Sometimes I plead: Please, god, give her a break.
But then I come down off of the parental cloud we often find our selves floating in, surrounded by a thick fog which prohibits us from seeing anything else in the world except our child and their flaws or problems or suffering, and I come down off that cloud and things clear and I am reminded how fucked up the world is and how good we have it. We live in a safe, clean, comfortable home. We have all the pleasures that a middle class American family would have. We are able to provide for our daughters opportunities to be educated, not only in math and reading, but in science, art, music, dance, etc. We live in a beautiful location where there are tons of parks to run free and play at. There are trees and clouds and rivers and bridges, city life and country life intertwined in a perfect dance that we get to experience. We have it so, so good here.

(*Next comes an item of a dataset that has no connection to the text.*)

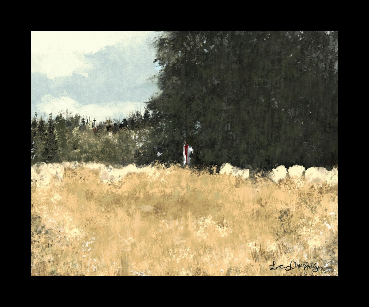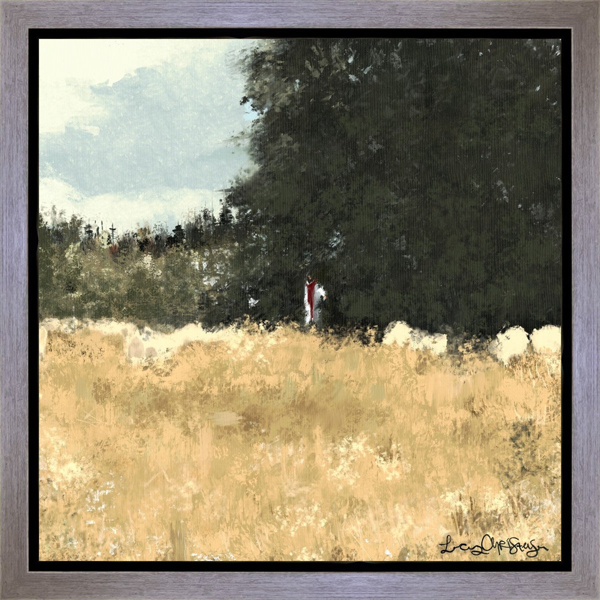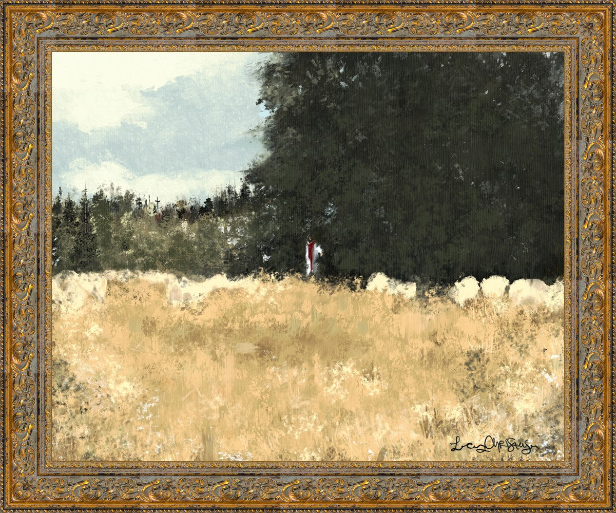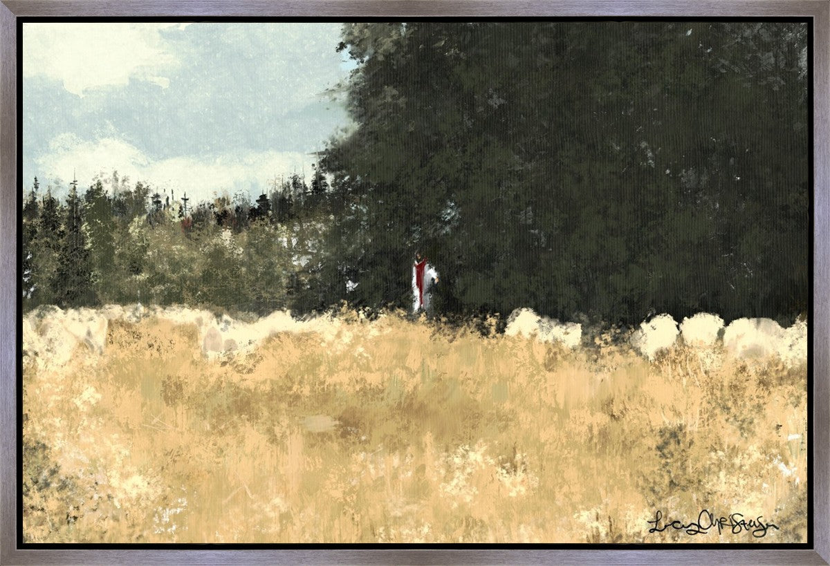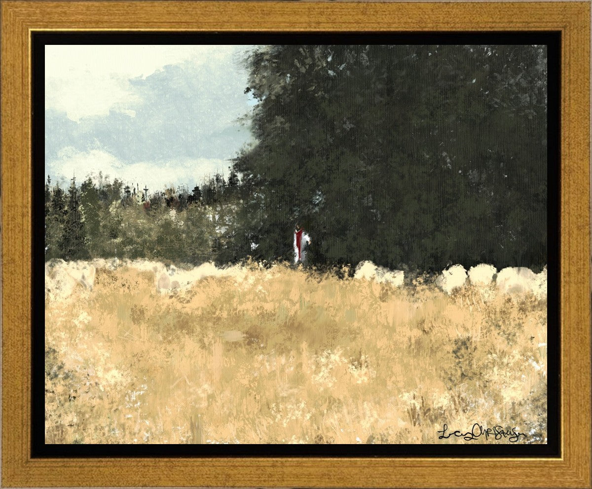 This Painting simply means a lot to me. Again it was something that I let the Spirit guide me on. It seemed as though I always came to this painting when I was trying to figure something out.. most of the time it was me trying to over come Fear about one thing or another. Up until yesterday there was no Christ at all in this painting. I kept wondering why this, its not coming together for me.. I love sheep and nature but Where’s Christ I feel like he should be here. Then I saw him perfectly. It was bone chilling and I covered my mouth even. There he was coming through out of the beautiful dark trees and I could see him perfectly. The whole painting came together with my thoughts I’d been having. Faith over Fear! Christ always triumphs!It was like I opened a door and I felt that happiness and excitement that was waiting.. and the joys I felt seeing Christ in this painting was just the best yet in all my creations. How many times have I simply thought, but where are you? I’ve had complete Faith, what more? And in the nick of time.. There he is. I always feel so bad when I have those moments but they are real.. Just like, Jesus The Christ is real.

We are not being shot at by police officers trying to keep the peace by eliminating us. We are not being bombed by our neighboring country. We are not being hunted by militia armies, trying to kidnap our children and make them into child soldiers. We are not hiding in our homes, afraid of contracting diseases that could kill us. We are not walking miles and miles in hopes of getting clean water for a single day. Most days, our children are perfectly healthy, able to function normally and we do not have to worry about taking care of any sort of special needs or disability. Our children can walk. Our children can get themselves dressed and put on shows at the end of the day where they sing and dance and fall over each other and laugh until they almost pee themselves (okay, pretty sure they DO pee themselves).

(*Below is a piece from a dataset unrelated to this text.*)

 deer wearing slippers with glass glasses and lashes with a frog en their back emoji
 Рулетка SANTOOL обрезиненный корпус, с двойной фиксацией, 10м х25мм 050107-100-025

We just have to live with the stress and weight of the unknown seizure occurring from time to time. I’m not trying to make light of it – it sucks. But at the end of the day, I am thankful that this is currently all we have to deal with. I am thankful that Amalea is ok, that she is currently sleeping and will most likely awake in the morning refreshed and ready to once again explore the great wide world out there with that great big toothy smile she always has and that contagious laugh. God, I love her so much. I love them all so much. Life is good. Today was still a good day, full of all that life has to offer… the good, the bad, the ugly – and a little slice of heaven if only for a few minutes on a grassy field playing soccer and playing with family and watching airplanes.
May the light continue to shine in our family. May we find joy in what we have, and never forget how much we have. We have each other, and these long seemingly uneventful days are blessings that are worth smiling over; even raising a glass to and cheering out loud.
And finally (stop reading if you don’t like foul language – you’ve been warned)…
Fuck you seizures. You suck. You can’t hold my little girl down. Seriously, Fuck you.
This photo that you see on this blog, and at the top of this post, is my oldest daughter, Amalea (the one with the seizures) at her most favorite and freeing spot in the world: the beach. Fly on my beautiful angel.